Every time you double a bottle size, longevity is increased.

“Once you start to do the math, although the science is hard to pin down with exact authority, all of a sudden you’re looking at something that has a life expectancy that’s still to be determined,” Dutton says.

“It’s beyond a lifetime of age-worthiness that’s very hard to quantify.

“Given the first vintage was in 51, I don’t think we’ve really tapped into exactly how far it can go. It’s beyond a lifetime of age-worthiness.

“These are bottles that can quite literally outlive you.”

This year’s Barossa Wine Auction has expanded to include an additional live auction in Sydney, as well as a separate online auction.

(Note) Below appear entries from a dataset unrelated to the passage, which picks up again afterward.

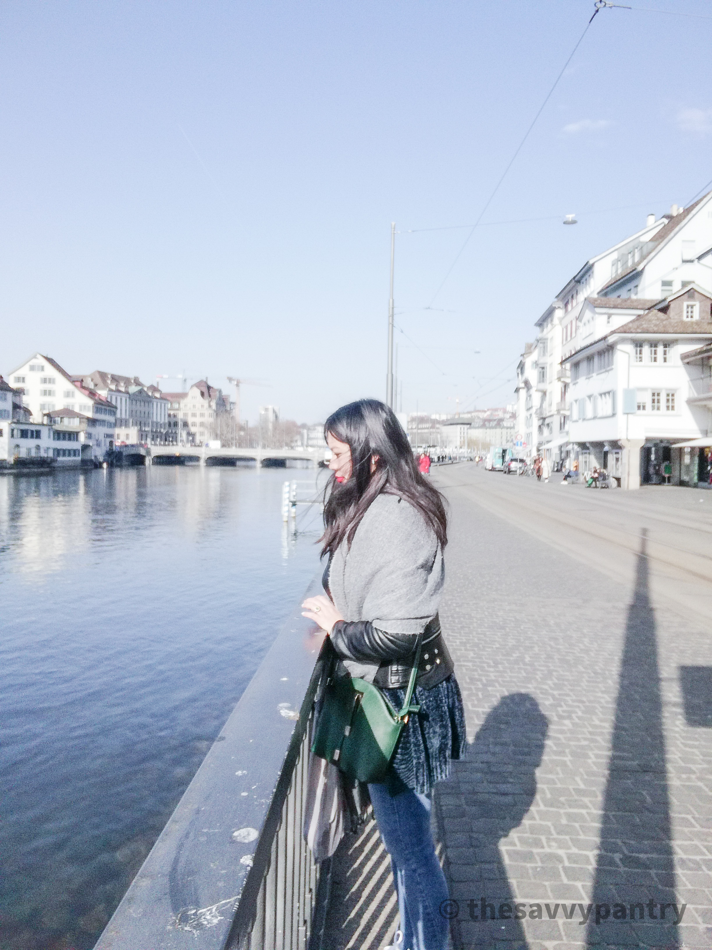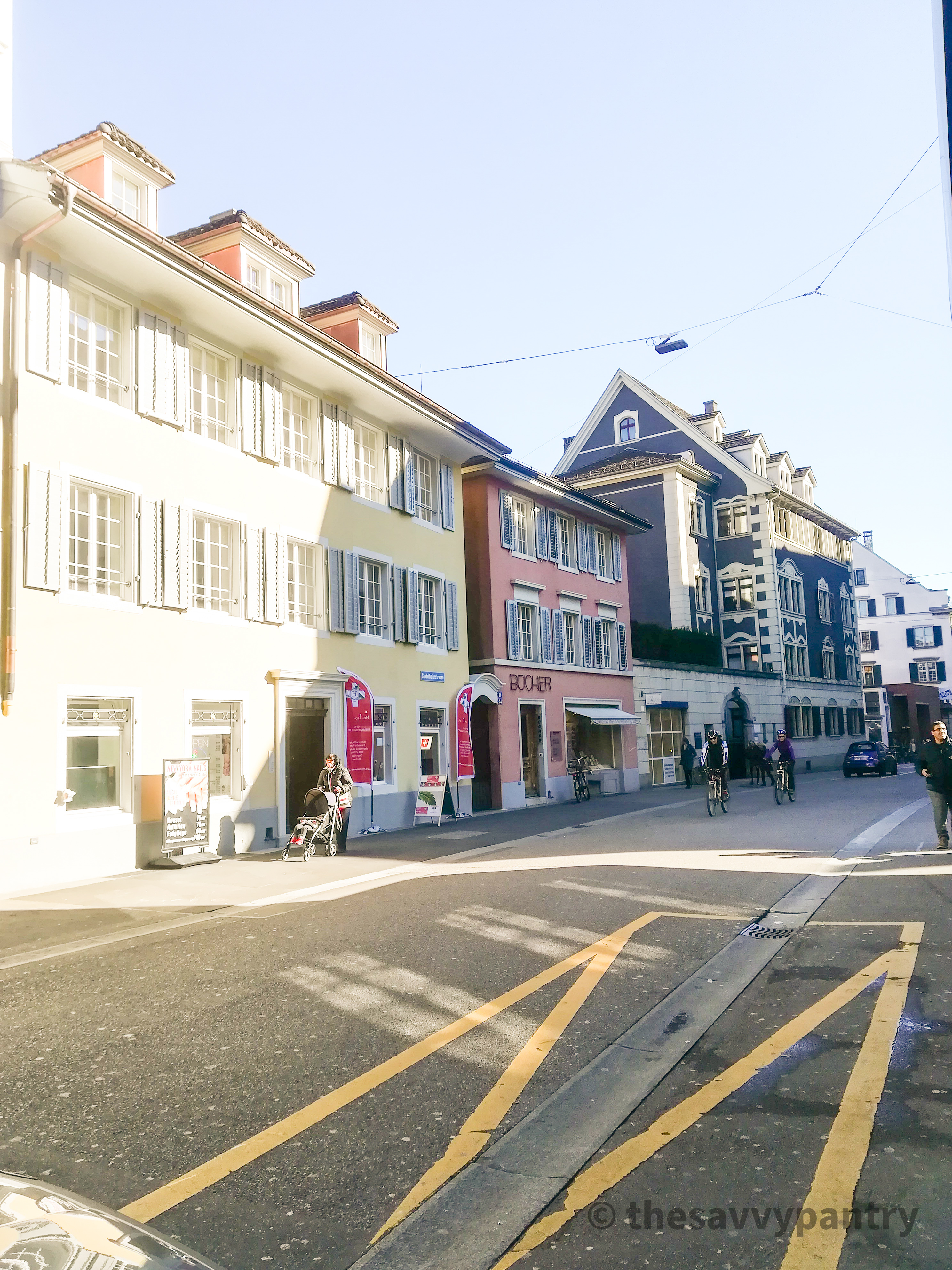 After taking in the sights of the city and posing for a few photo ops, we walked over to Town Hall Bridge, which is a pedestrian bridge that crosses over Lake Zurich. It is very lively with lots of people and families walking around and taking in all of the sights. It’s a great place for photo ops since you can see the swiss alps in the distance. On a clear day, you can even see the white caps on top of the alps! Photos do not do it justice and you will definitely need to see it for yourself in person.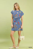 Umgee Embroidered Floral Mini Dress with Waist Tie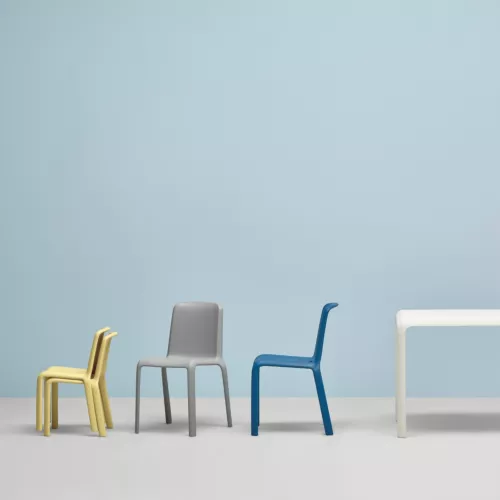 Der Snow 300 ist ein funktionaler und moderner Stuhl für den Innen- und Außenbereich. Gefertigt aus glasfaserverstärktem Polypropylen, ist er leicht, stabil und UV-beständig. Seine geschwungenen Linien und die stapelbare Bauweise machen ihn ideal für Cafés, Terrassen, Veranstaltungsorte und Gemeinschaftsbereiche. Mit matter Oberfläche und wetterfesten Materialien passt er sich jeder Umgebung stilvoll an. Maße: Breite 47 cm, Tiefe 55 cm, Höhe 80,5 cm, Sitzhöhe 45,5 cm.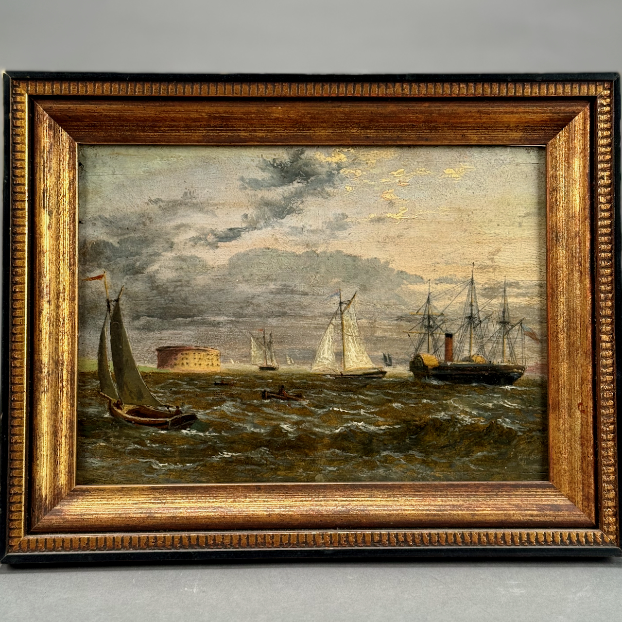 Home / ANTIQUE AUCTION - FRI NOVEMBER 7 AT 6 PM / LOT 124 UNSIGNED, STEAM SHIP PASSING CASTLE WILLIAM, NEW YORK HARBOR, OIL ON WOOD PANEL, FRAMED. 7-1/2 X 10-1/2 LOT 124 UNSIGNED, STEAM SHIP PASSING CASTLE WILLIAM, NEW YORK HARBOR, OIL ON WOOD PANEL, FRAMED. 7-1/2 X 10-1/2 Place a Bid Category: ANTIQUE AUCTION - FRI NOVEMBER 7 AT 6 PM Tag: auction Related products LOT 023 STEPHEN G. MANIATTY, ‘SAWMILL’, OIL ON CANVAS, SIGNED LOWER RIGHT, FRAMED WITH AN AWARD PLAQUE “GRUMBACHER ARTISTS MATERIAL AWARD/GRAND NATIONAL EXHIBITION/NEW YORK CITY – 1965”. 20 X 30 LOT 004 133 PC STERLING SILVER FLATWARE SET IN THE “KING PATTERN. 190 OZT (EXCLUDING 12 KNIVES), MONOGRAMMED LOT 005 PAIR OF STERLING SILVER CANDELABRAS BY ARROWSMITH, WEIGHTED IN 2 PARTS. 14-1/2″(H) (1 REPAIRED) LOT 009 48 PC STERLING SILVER FLATWARE SET IN THE “KING GEORGE” PATTERN BY GORHAM, 57 OZT (WITHOUT 16 KNIVES) MONOGRAMMED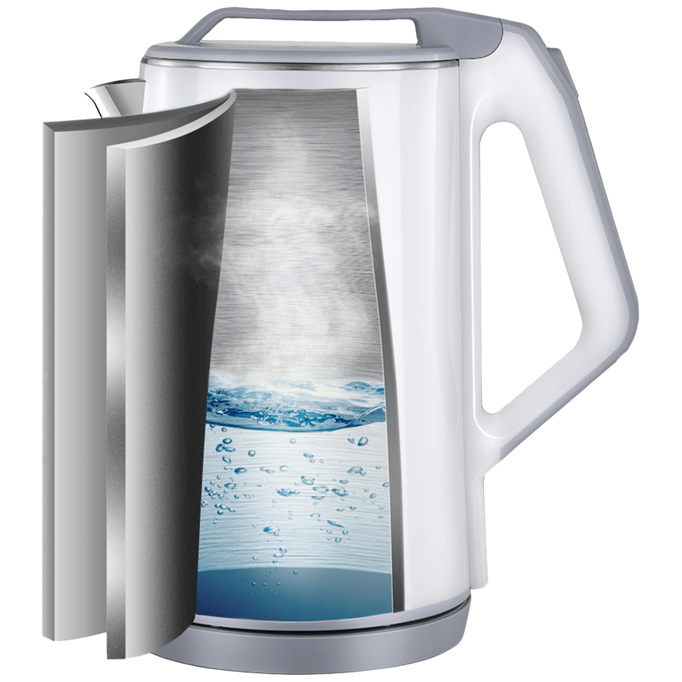 Kuhalo za vodu, zapremina 2.0 lit., snaga 1500 W, skriveni grijač, rotacija 360°, kućište s dvostrukim zidom, poklopac sa sigurnosnim zaključavanjem, automatski / ručni prekidač za uključivanje / isključivanje, svjetlosni indikator, prozor za praćenje razine vode, zaštita od rada bez vode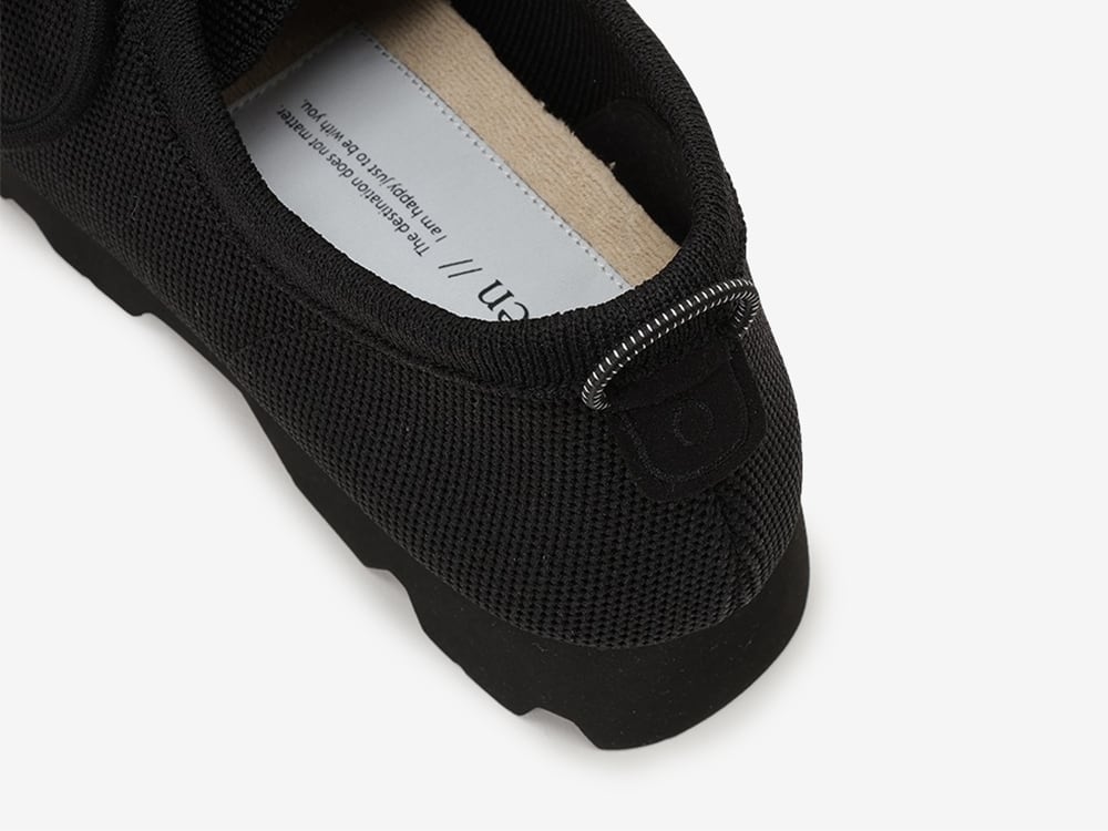 素材には、使用済みのペットボトルから生まれたリサイクル糸を採用。軽量でクッション性のあるニット地は、足入れのしやすさや歩きやすさも抜群で、まるで裸足のような心地よさ。環境に配慮するだけでなく、心や体への“心地よさ”にもこだわった一足です。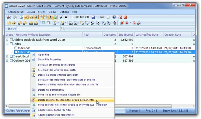 يعد هذا البرنامج واحد من أفضل البرامج المتخصصة فى البحث عن الملفات المكررة على جهاز الكمبيوتر وحذفها ويدعم البرنامج تقريباً جميع صيغ الملفات من صور وفيديوهات وصوتيات ومستندات وأكثر من ذلك، ومن أهم ما يميز هذا البرنامج أنه مجانى التحميل وقوم بالبحث السريع عن جميع صيغ الملفات ويوفر البرنامج العديد من الخيارات التي تساعدك على ازالة الملفات الغير ضروريه المكرره . [التحميل]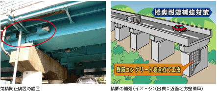 地震で橋桁の落下を防ぐため、アンカーボルトなどを設置します。

The bidding will be carried out by Langton’s Fine Wine Auction House, which has been involved since 2015 when Langton’s expanded the event to wine collectors around the world.

The event sees wine collectors bid for rare and distinguished lots sourced directly from the wineries and winemakers’ own collections.

The auction coincides with the Barossa Vintage Festival, being held from April 14 to 18, and a share of the net proceeds will be donated to the Barossa Grape & Wine Association’s well-being fund and the festival.

Other highly-collectible items to be auctioned include an 18-Litre bottle of 2018 Ron Thorn Single Vineyard Shiraz at $4000 to $5000 and a six-litre imperial bottle of Torbreck RunRig Shiraz Viognier 2017 at $3000 to $4000.

“It is always exciting to see the results of the auction, not just from a Penfolds’ perspective, but from a Barossa point of view,” Dutton says.

“There are so many beautiful rare lots that appear for this auction, it’s hard not to be proud of the entire region as a collective.”